▶

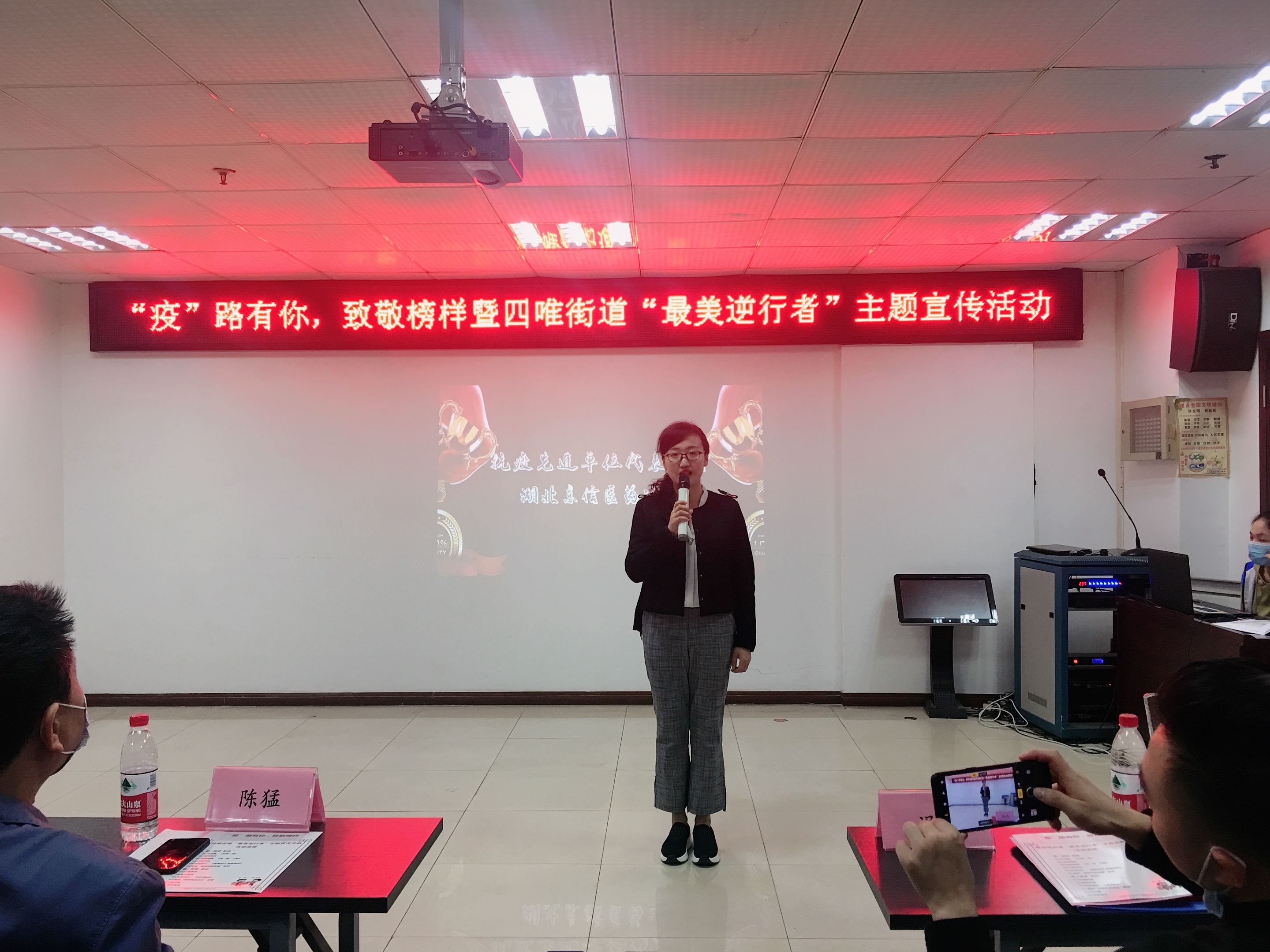 主題宣傳活動(dòng)期間,大家一起視頻學(xué)習(xí)了抗疫志愿者們不畏艱險(xiǎn)、逆行沖鋒的感人事跡,并邀請(qǐng)了抗疫先進(jìn)企業(yè)和志愿者代表上臺(tái)分享他們的抗疫故事。東信醫(yī)藥黨支部書記張琳作為企業(yè)代表,上臺(tái)講述了東信醫(yī)藥的抗疫事跡以及防汛精神,從疫情期間企業(yè)捐款捐藥,企業(yè)的黨員們帶頭走進(jìn)社區(qū)做志愿者,到防汛期間積極響應(yīng)號(hào)召,不辭勞苦,風(fēng)雨無阻,24小時(shí)堅(jiān)守在防汛巡查一線。東信醫(yī)藥的事跡讓大家深受感動(dòng),獲得了熱烈的掌聲。
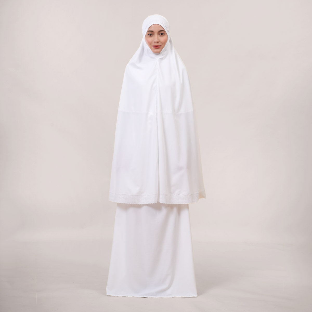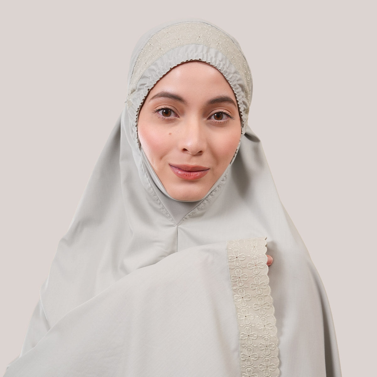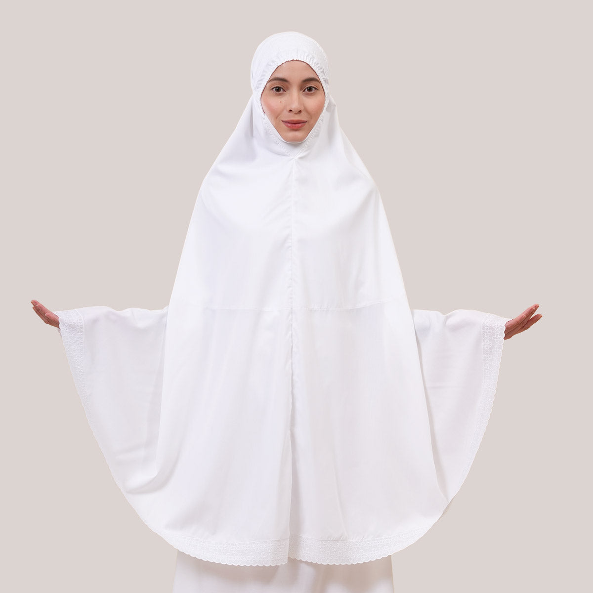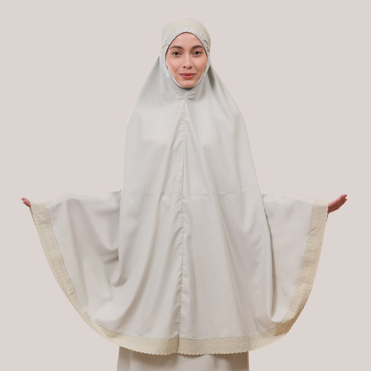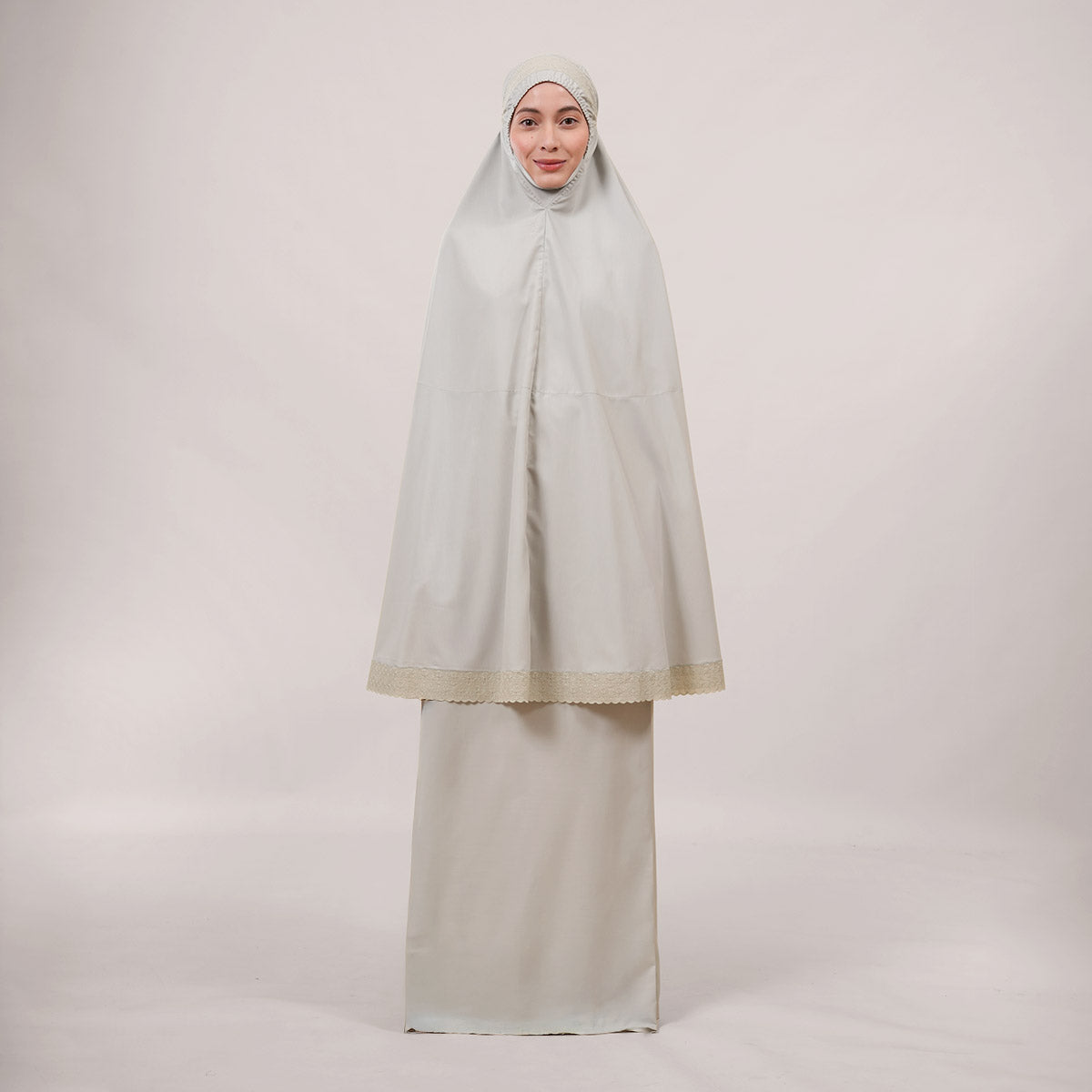 Inspired by Mushaf motifs, the Signature Khanisa prayerwear showcases a minimalist and elegant lace concept. The use of delicate cotton lace, subtle yet classically refined, creates a timeless design that is perfect for daily worship or as a thoughtful gift. The name “Khanisa,” meaning tranquility and gentleness, reflects a calming presence and symbolizes a wearer who brings peace and softness to those around her.
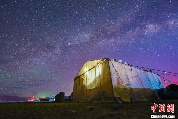 西藏海拔高、空气稀薄,大部分地区光污染小,只要天气晴朗、月相合适,银河很容易看到。
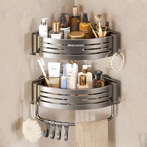 Vinnatsu Bathroom Corner Rack with Strong Suction Cups, Bathroom Rack with 8 Hooks, Aluminum Alloy, Strong Adhesive Mounting, Bath Storage, Shower Rac
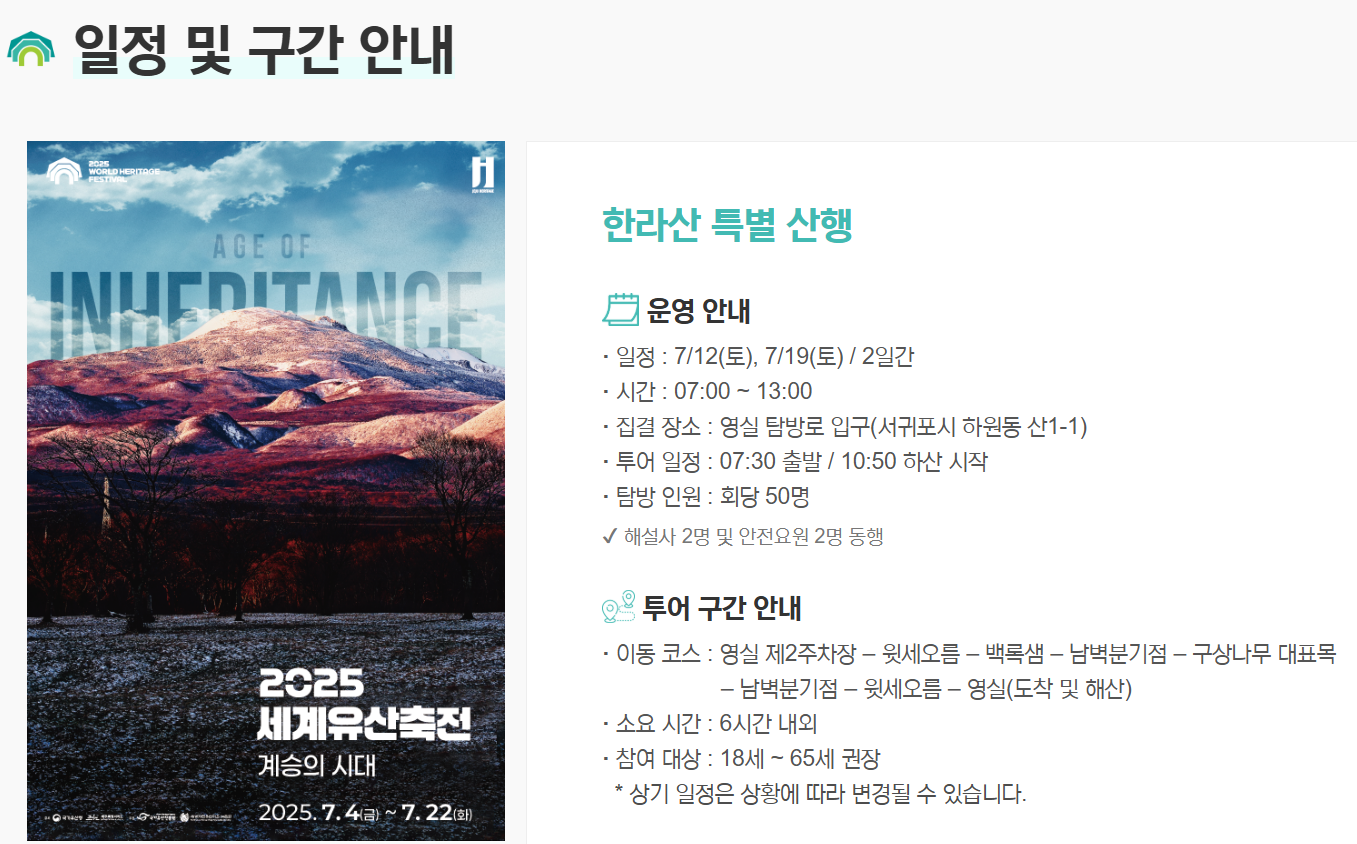 한라산 백록샘 특별 공개를 위해 사전 예약은 필수입니다. 이번 행사는 공식 홈페이지를 통해 진행되며, 신청자가 100명을 초과할 경우 선착순으로 확정됩니다. 예약은 아래 단계를 따라 진행하시면 됩니다.
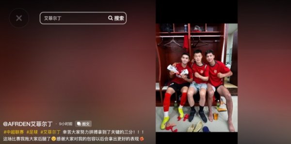 8月17日讯 中超联赛第21轮,长春亚泰主场1-0打败梅州客家。赛后,亚泰边锋艾菲尔丁更新了个东说念主酬酢媒体。 本场比赛,艾菲尔丁替补出场。赛后,艾菲尔丁写说念:忙绿民众发愤拼搏拿到了重要的三分!!!这场比赛我拖民众后腿了😞感谢民众对我的包容。以后会拿出更好简直认❤️🔥 本赛季夏窗,艾菲尔丁租赁加盟长春亚泰,现在代表球队出战3场,其中2次首发。......
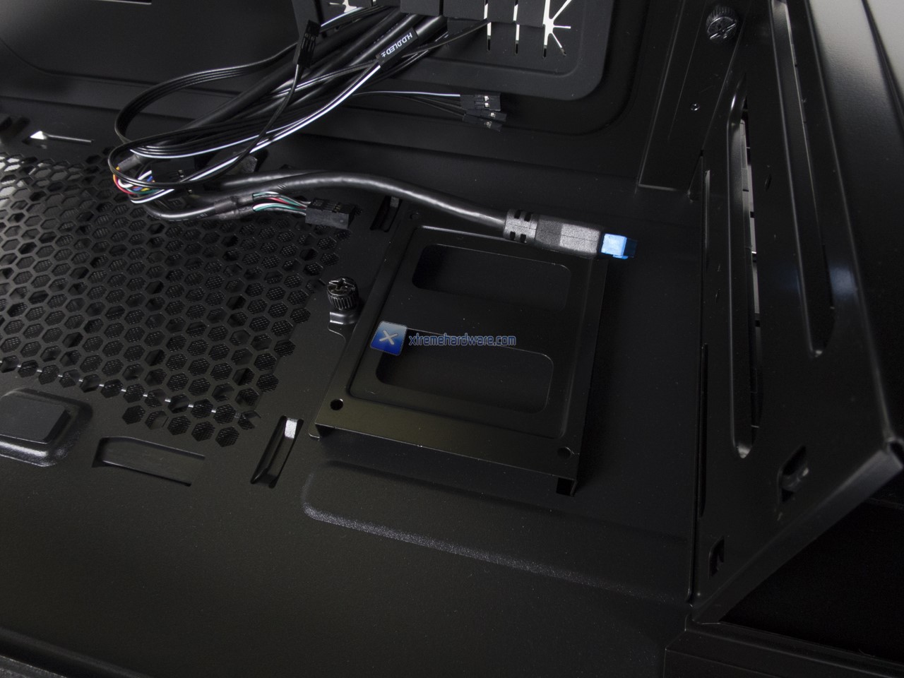Prima di passare al lato superiore interno vi mostriamo come rimuovendo momentaneamente il supporto SSD Chroma potremo accedere ad un ulteriore Cage per SSD e Hard Disk più un Tray per singolo SSD. Tray che potrà essere rimosso dall’attuale posizione e inserito sul Cage a lato previa rimozione di uno o due supporti GPU Safe. Giusto per dirvi che potrete sfruttare diverse combinazioni di modularità.

◀

- [WHAT TO PRODUCE] Output everything in the material exactly. Pictures stay out of it.

- [ANSWER TO THIS EXERCISE]
 主題宣傳活動(dòng)期間,大家一起視頻學(xué)習(xí)了抗疫志愿者們不畏艱險(xiǎn)、逆行沖鋒的感人事跡,并邀請(qǐng)了抗疫先進(jìn)企業(yè)和志愿者代表上臺(tái)分享他們的抗疫故事。東信醫(yī)藥黨支部書記張琳作為企業(yè)代表,上臺(tái)講述了東信醫(yī)藥的抗疫事跡以及防汛精神,從疫情期間企業(yè)捐款捐藥,企業(yè)的黨員們帶頭走進(jìn)社區(qū)做志愿者,到防汛期間積極響應(yīng)號(hào)召,不辭勞苦,風(fēng)雨無阻,24小時(shí)堅(jiān)守在防汛巡查一線。東信醫(yī)藥的事跡讓大家深受感動(dòng),獲得了熱烈的掌聲。
 Inspired by Mushaf motifs, the Signature Khanisa prayerwear showcases a minimalist and elegant lace concept. The use of delicate cotton lace, subtle yet classically refined, creates a timeless design that is perfect for daily worship or as a thoughtful gift. The name “Khanisa,” meaning tranquility and gentleness, reflects a calming presence and symbolizes a wearer who brings peace and softness to those around her.
 西藏海拔高、空气稀薄,大部分地区光污染小,只要天气晴朗、月相合适,银河很容易看到。
 Vinnatsu Bathroom Corner Rack with Strong Suction Cups, Bathroom Rack with 8 Hooks, Aluminum Alloy, Strong Adhesive Mounting, Bath Storage, Shower Rac
 한라산 백록샘 특별 공개를 위해 사전 예약은 필수입니다. 이번 행사는 공식 홈페이지를 통해 진행되며, 신청자가 100명을 초과할 경우 선착순으로 확정됩니다. 예약은 아래 단계를 따라 진행하시면 됩니다.
 8月17日讯 中超联赛第21轮,长春亚泰主场1-0打败梅州客家。赛后,亚泰边锋艾菲尔丁更新了个东说念主酬酢媒体。 本场比赛,艾菲尔丁替补出场。赛后,艾菲尔丁写说念:忙绿民众发愤拼搏拿到了重要的三分!!!这场比赛我拖民众后腿了😞感谢民众对我的包容。以后会拿出更好简直认❤️🔥 本赛季夏窗,艾菲尔丁租赁加盟长春亚泰,现在代表球队出战3场,其中2次首发。......
Prima di passare al lato superiore interno vi mostriamo come rimuovendo momentaneamente il supporto SSD Chroma potremo accedere ad un ulteriore Cage per SSD e Hard Disk più un Tray per singolo SSD. Tray che potrà essere rimosso dall’attuale posizione e inserito sul Cage a lato previa rimozione di uno o due supporti GPU Safe. Giusto per dirvi che potrete sfruttare diverse combinazioni di modularità.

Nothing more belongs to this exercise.